İlk-Ortaokul yıllarında okul tatil olduğu dönemlerde ya bostan çapasında, veyahut nohut-mercimek tarlalarında bulduk kendimizi.

Yorucu iş gününü kolaylaştıran ve keyifli hale getiren, sırayla söylenen türküler olurdu.

Nur içinde yatsın, Ayşem sıra kendisine gelince benim yerime sen söyle der, ihaleyi bana bırakırdı.

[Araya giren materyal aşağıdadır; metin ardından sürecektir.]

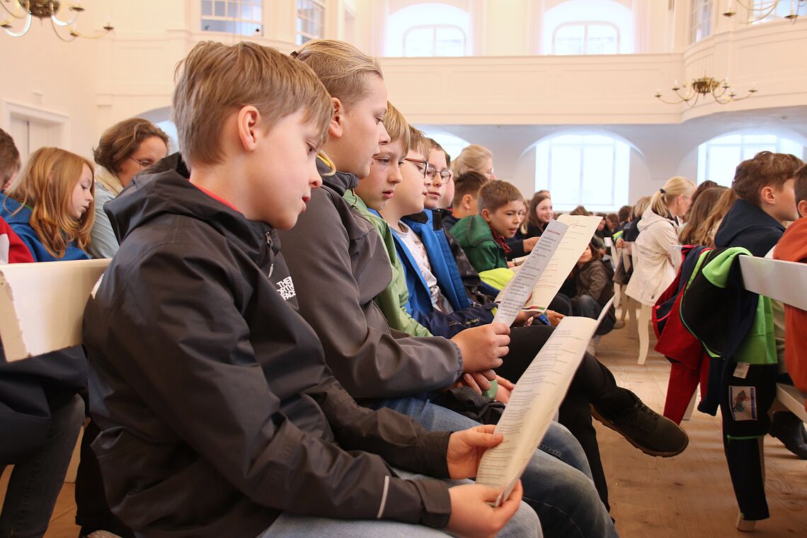 Auf die Frage, welches Motto sie über ihre Zeit als Schulleiterin stellen würde, nannte Frau Bensch das Lied „O Gott, du frommer Gott“, in dem es um Gottvertrauen geht und um seinen Beistand und seine Führung bei der alltäglichen Arbeit gebeten wird. Gleich drei Mal fand sich das Lied so im Gottesdienstprogramm wieder: Es war der zentrale Gegenstand der Predigt des Schulpfarramtes, es wurde von den Anwesenden als gemeinsames Lied gesungen und, ein kleiner Höhepunkt, auch von einem Chor aus Mitarbeitenden der EZSH und Mitgliedern der Herrnhuter Brüdergemeine, der sich extra für diesen Zweck formiert hatte.

Ben ise Anamın verdiği gazla sahne sırasını bekleyen sanatçı havasına girer başlardım en sevdiği türküyü söylemeye

Ak gerdanda nokta nokta ben olam

Sen çiçek ol, ben petekte bal olam

Siyah saçlarında ak bir tel olam

Tararken koparma beni sevdiğim

Her nakaratta yaz sıcağında bidonun içinde ısınmış sudan bir yudum alır devam ederdim, her mısrada Anacığım da mırıldanarak eşlik ederdi

Kumaş olam ellerinle biç beni

Suyun olam yudum yudum iç beni

Mektup olam beyaz zarftan aç beni

Okumadan yırtma beni sevdiğim

Bir yandan türkümüzü söylerken, diğer yandan tarladaki çalışanları da motive etmekten geri kalmazdı ki, iş bir an evvel bitsin.

Son dörtlükte ikimizde sesin tonunu yükselterek türküyü birlikte bitirirdik

Tülbentine oya olam, pul olam

Kabul eyle ben kapında kul olam

Dosta giden uzun ince yol olam

Yorulup terketme beni sevdiğim

Duygunun zirve yaptığı an olurdu son mısralar…

Doğum günleri dışındaki özel günleri anlamsız bulanlardanım. Söz konusu Anne olunca kayıtsız kalmak mümkün olmuyor tabii…

Anne hayatın yarısı, cennetin refakatçısı.

Varlığı bereket, Sevginin en yalın, şefkatin sözsüz ifadesi…

Annesiyle kavga edenler, Anlaşılamamaktan dert yananlar, şükretsinler ki kavga edecek Anneleri var.

Hayat ne garip;

Kimi Annem beni anlamadı der ağlar,

Kimi Annemi  anlayamadım der ağlar…

Anne duasından nasiplenen, rızasına nail olup, varken kıymetini bilenlerden olabilmek dileğiyle.